One key aspect that makes Gerry and Sylvia Anderson‘s marionette masterpiece Thunderbirds so endearing is it’s seemingly endless level of optimism. Once you make your way past the campy tangle of puppets that brought the characters to life, you see that it’s a show that celebrates the value of life. It’s presented to us as a futuristic world in which war, famine and violence appear to be things of the past, and everyone exists in a state of technological utopia. Not every aspect of it has aged well, it was, of course, a future envisioned through the lens of the 1960s. The show’s female characters don’t get a great deal, and there’s an oddly gargantuan level of alcohol and cigar consumption amongst the otherwise heroic Tracy family. Still, it’s message remains clear – everyone should and can be saved. The problem this undoubtedly presented Gerry when Thunderbirds was unexpectedly cancelled due to an unstable US sale is where would he go from here? Having spent ten years at this point producing marionette shows, featuring space explorers, undersea conquests, magically-assisted cowboys, where do you go from there?

The answer is found in a show that feels the mirror opposite of Thunderbirds. Where that show talked earnestly about preserving life, Captain Scarlet and the Mysterons celebrated death, glamorising it as an inevitable gateway to some of the most awesomely violent sci-fi children’s TV had to offer. The 10th sci-fi marionette series to come from the puppet wonderland of Slough Studios turns fifty today, and its action-driven blitzkriegs of prototype Power Rangers battling omnipotent, invisible aliens coupled with a sour message of the messy futility of war, remains as intoxicating as ever.

The show makes its dark intentions clear from it’s muscular yet perverted opening episode, ‘The Mysterons’, in which our titular hero finds himself one of the episode’s main enemies. From the episode’s awesomely horrific opening, in which Captain Black of the world’s finest security outfit, Spectrum, accidentally triggers a war of nerves against the Mysterons when mistaking their signs of welcome for an attack. Using their powers of reconstruction to rebuild their decimated city and understandably tiffed, the Mysterons announce their intentions to bring the world to its knees, attack by attack, starting with World President. From here, more of Spectrum’s finest become entangled in this cryptic, alien net. Captain Scarlet himself becomes the final, desperate pawn in the Mysterons’ devilish game. Murdered and replicated into the Mysteron cause within mere minutes of introducing the character to us, it’s astounding to think that your introduction of your hero to young audiences involves said hero spending 90% of his debut appearance as a bad guy.
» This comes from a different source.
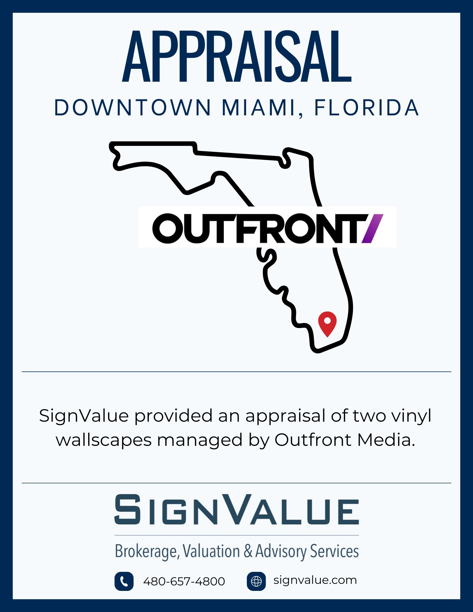 SignValue has completed the latest addition to our portfolio of OOH asset appraisals in Downtown Miami. SignValue provided an appraisal of two prominent vinyl wallscapes managed by Outfront Media, a top ranked out-of-home advertising company. The dynamic atmosphere of downtown Miami provided a unique backdrop for our research, analysis and appraisal.
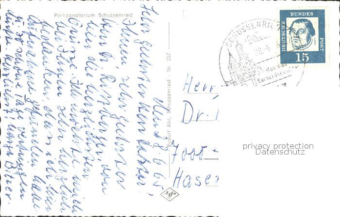 72253032 alte Postkarte Schussenried Bad Parksanatorium postalisch gelaufen Erhaltung siehe scans KatCode: 11110008426014

It’s this logic Captain Scarlet and the Mysterons utilises to its fullest extent, wearing its dark heart on its sleeve. ‘The Mysterons’ climaxes with Scarlet, having captured the World President, embroiled in a shoot-out with his former fellow Spectrum officer, Captain Blue atop a skyscraper car-park. His colleague and friend shoots the fatal bullet that sends the Mysteronised replica of Captain Scarlet falling to his death, emitting a piercing, animal-like scream. No Supermarionation show had ever asked its young audience to accept the idea that your hero could die, let alone die multiple times in one episode! However, all is not as it seems. Inexplicably surviving the fall, having his Mysteron hold relinquished yet retaining their indestructible capabilities (the miracle of plot convenience is a strange and untamed beast), Captain Scarlet returns to Spectrum as his former self, now their greatest weapon in the fight against the Mysterons.
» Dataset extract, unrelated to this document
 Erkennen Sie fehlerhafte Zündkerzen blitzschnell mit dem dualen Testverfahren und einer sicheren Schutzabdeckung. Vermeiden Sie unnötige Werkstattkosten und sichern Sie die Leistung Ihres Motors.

From here, Captain Scarlet and the Mysterons delights in showing us how an all-too-easily avoidable war can result in a thoroughly entertaining blitzkrieg of retro-futuristic action. Week by week, Captain Scarlet, Captain Blue and the other members of Spectrum battled their way through the Mysterons’ increasingly inventive campaigns of other-worldly terrorism. Locking themselves in a feedback loop of murdering unsuspecting civilians and rebuilding them under Mysteron control to carry out their threat, it seems there wasn’t any other children’s television show at the time that had its finger on the Cold War’s pulse as much as Captain Scarlet did. Routinely saving the day and living to see the next one thanks to his powers of indestructibility, it’s this superhero ability that arguably dragged the show down – there’s little danger one can conjure up if you’ll automatically pull through. As Lieutenant Green himself says wiry in the episode ‘Attack on Cloudbase’; “Anyone can be brave when they’re indestructible”. Everyone from critics to the show’s own creative staff (i.e. Alan Fennell, a script-writer for Fireball XL5, Stingray and Thunderbirds and later editor for the popular spin-off comic TV21, of which Captain Scarlet‘s adventures continued off-screen) found fault with this all-too solvable premise.
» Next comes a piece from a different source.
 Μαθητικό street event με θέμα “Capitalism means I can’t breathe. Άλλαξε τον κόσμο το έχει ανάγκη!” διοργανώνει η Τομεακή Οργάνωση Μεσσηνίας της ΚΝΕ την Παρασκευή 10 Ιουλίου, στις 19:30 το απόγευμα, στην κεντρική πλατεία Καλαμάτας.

I’d like to argue against this case. Not that it’s impossible to disagree with this sentiment, but making your hero immune to death results in other winning factors for the series. With no limit to how much Captain Scarlet can endure, there’s no limit to the adventures he finds himself up to his neck in. The series’ end titles, a series of paintings featuring Captain Scarlet in a variety of death-induced poses, encapsulate how the show had a vision as wide as the sky that Cloudbase rests in when devising weekly premises for the show. Plots involving assassinations of world leaders are counterbalanced by more abstract ploys featuring the murder of three small-time crooks as a comment on humanity’s glutenous nature. The abstract nature continued by the Mysterons’ targeting the very Utopian heart the world of 2067 has achieved, such as an attempt made on the world capital Futura City. There’s even an epic three-parter in which the Mysterons unleash an attempt at colonising the Earth’s moon.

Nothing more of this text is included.